Usage: wdict [OPTIONS] <--url |--theme >

Options: -u, --url URL to start crawling from

  --theme <THEME>
      Pre-canned theme URLs to start crawling from (for fun, demoing features, and sparking new ideas)

      Possible values:
      - star-wars: Star Wars themed URL <https://www.starwars.com/databank>
      - tolkien:   Tolkien themed URL <https://www.quicksilver899.com/Tolkien/Tolkien_Dictionary.html>
      - witcher:   Witcher themed URL <https://witcher.fandom.com/wiki/Elder_Speech>

-d, --depth Limit the depth of crawling links

      [default: 1]

-m, --min-word-length Only save words greater than or equal to this value

      [default: 3]

-r, --req-per-sec Number of requests to make per second

      [default: 20]

-f, --file File to write dictionary to (will be overwritten if it already exists)

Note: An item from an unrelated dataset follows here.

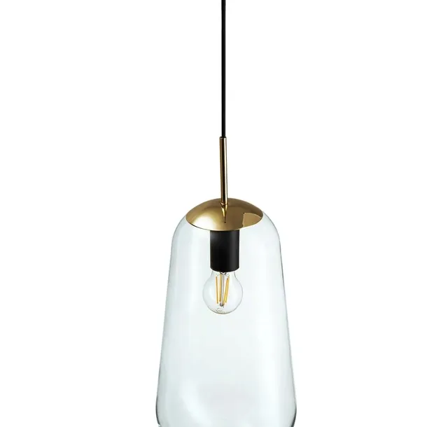 Oprawa wykonana w stylu nowoczesnym. Lampa PEAR wykonana z metalu w kolorze czarno złotym. Wymiary produktu wynoszą: 22 cm szerokości, 22 cm długości, oraz 195 cm wysokości. Produkt posiada I klasę ochronności elektrycznej. Klosz został wykonany ze szkła w kolorze transparentnym. Oprawa przystosowana pod 1 żarówke E27 o maksymalnej mocy 25W. Produkt z możliwością regulacji wysokości. Oświetlenie zostało wykonane z myślą doświetlenia naszej przestrzeni kuchennej. Oprawa ze szczelnością IP20. Produkt sprzedawany jest bez żarówek.

      [default: wdict.txt]

  --filters <FILTERS>...
      Filter strategy for words; multiple can be specified

      [default: none]

      Possible values:
      - deunicode:   Transform unicode according to <https://github.com/kornelski/deunicode>
      - decancer:    Transform unicode according to <https://github.com/null8626/decancer>
      - all-numbers: Ignore words that consist of all numbers
      - any-numbers: Ignore words that contain any number
      - none:        Leave the word as-is

  --site <SITE>
      Site policy for discovered links

      [default: same]

      Possible values:
      - same:      Allow crawling links, only if the domain exactly matches
      - subdomain: Allow crawling links if they are the same domain or subdomains
      - all:       Allow crawling all links, regardless of domain

-h, --help Print help (see a summary with '-h')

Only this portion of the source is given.